▸ **Aim of the exercise**
Transcribe word for word each line from the one containing "Durable 3 cushion" to the final line of the data, both included. Skip the pictures.
Available data: Begin
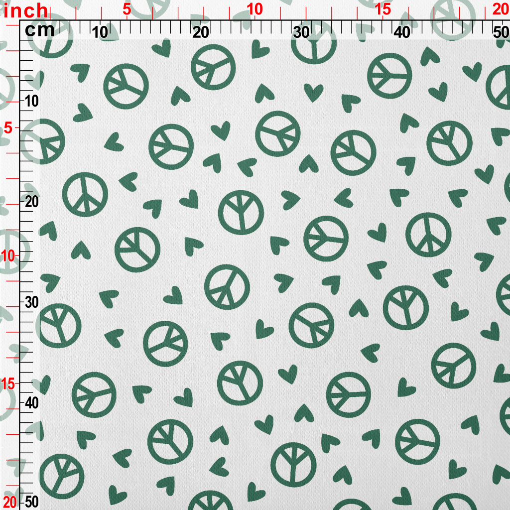 綠色愛心與和平標誌圖案刷毛布(幅寬150公分)
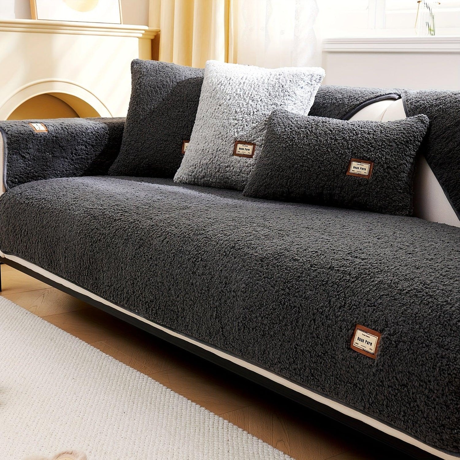 Durable 3 cushion couch cover | High-Quality Plush Sherpa Sofa Cover
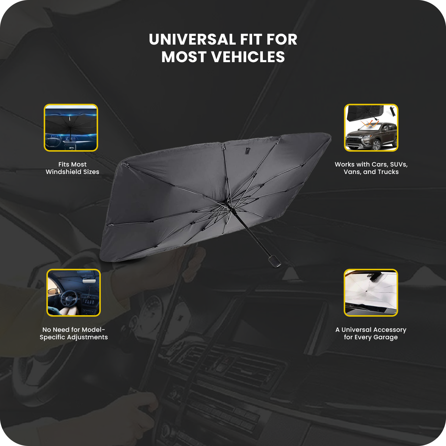 Compatible with a wide range of vehicles, including sedans, SUVs, minivans, trucks, and RVs, this sunshade is a versatile solution for front windshield protection.
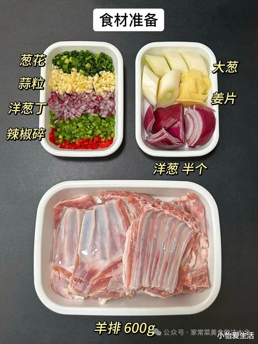1. 羊排切长段,泡冷水1小时去血水。
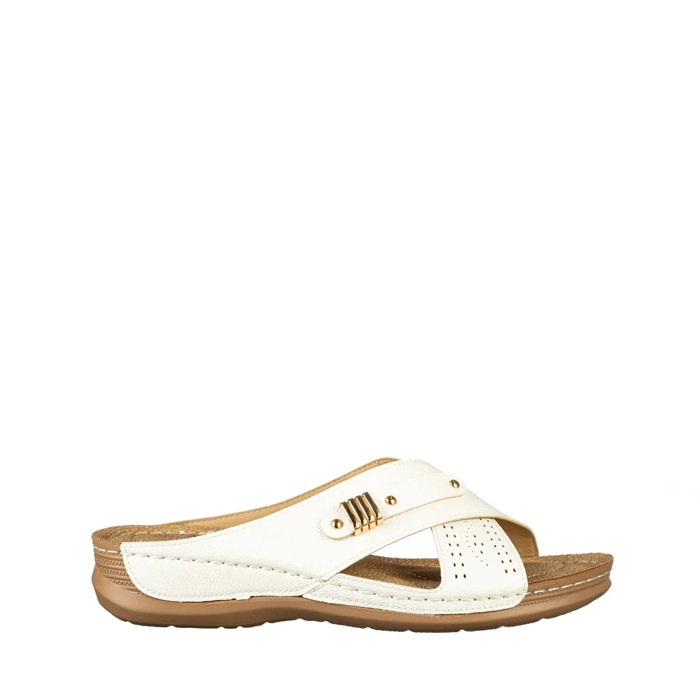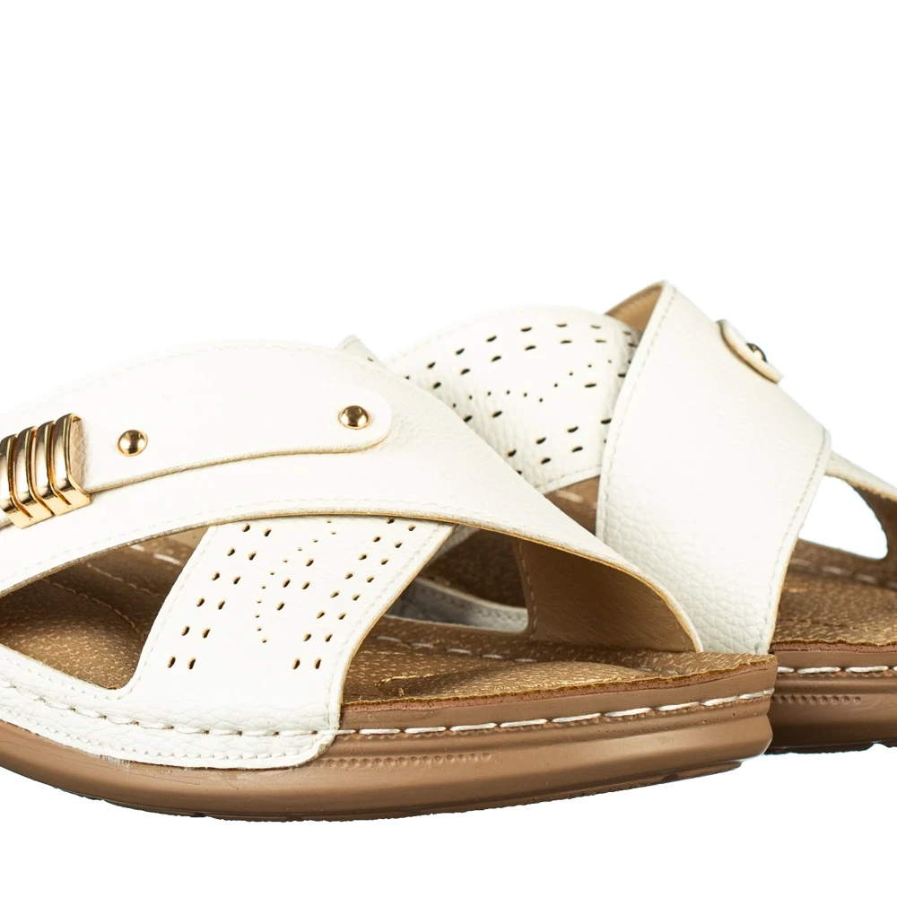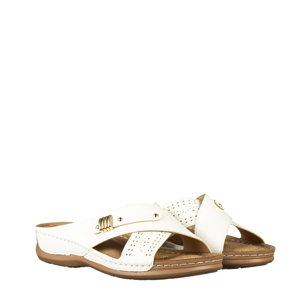 Дамски чехли бели от еко кожа Aveza
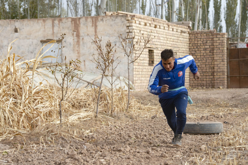 ↑在新疆疏附县萨依巴格乡尤喀克喀帕村,努尔麦麦提在自家院里练习拖轮胎跑(2021年11月10日摄)。新华社记者 马锴 摄
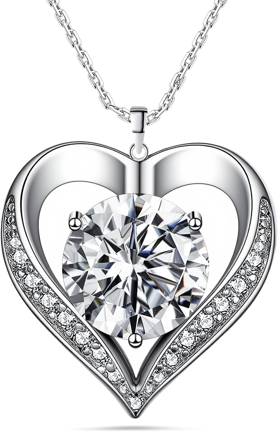 Moissanite Necklace for Women, 925 Sterling Silver Heart Necklace, Hypoallergenic Diamond Pendant Necklaces Jewelry Anniversary Brithday Gifts for Women Wife Girlfriend
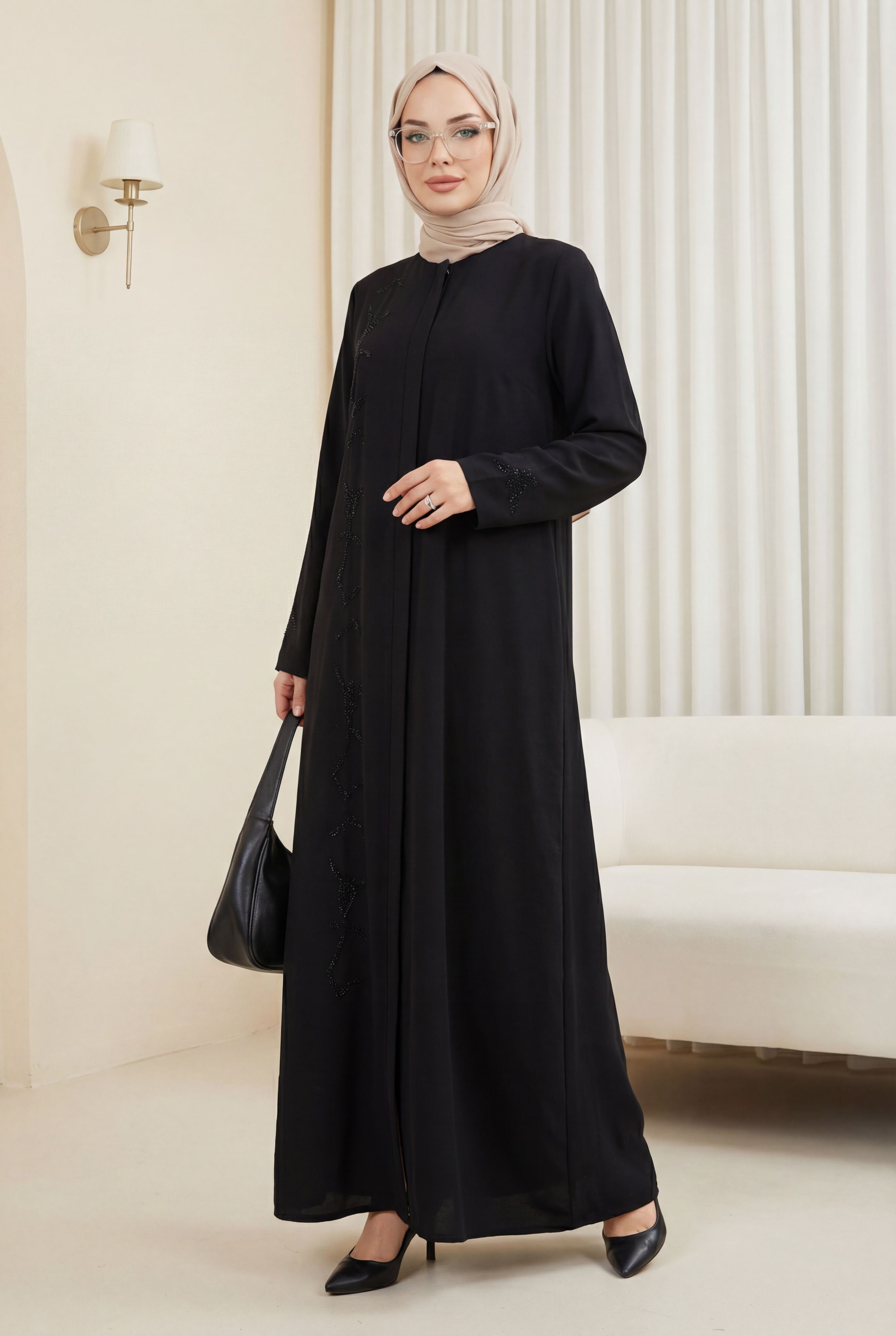 Gizli Patlı Taşlı Ferace Siyah HM2851
Available data: End
▸ **Finished exercise**
 Durable 3 cushion couch cover | High-Quality Plush Sherpa Sofa Cover
 Compatible with a wide range of vehicles, including sedans, SUVs, minivans, trucks, and RVs, this sunshade is a versatile solution for front windshield protection.
1. 羊排切长段,泡冷水1小时去血水。
 Дамски чехли бели от еко кожа Aveza
 ↑在新疆疏附县萨依巴格乡尤喀克喀帕村,努尔麦麦提在自家院里练习拖轮胎跑(2021年11月10日摄)。新华社记者 马锴 摄
 Moissanite Necklace for Women, 925 Sterling Silver Heart Necklace, Hypoallergenic Diamond Pendant Necklaces Jewelry Anniversary Brithday Gifts for Women Wife Girlfriend
 Gizli Patlı Taşlı Ferace Siyah HM2851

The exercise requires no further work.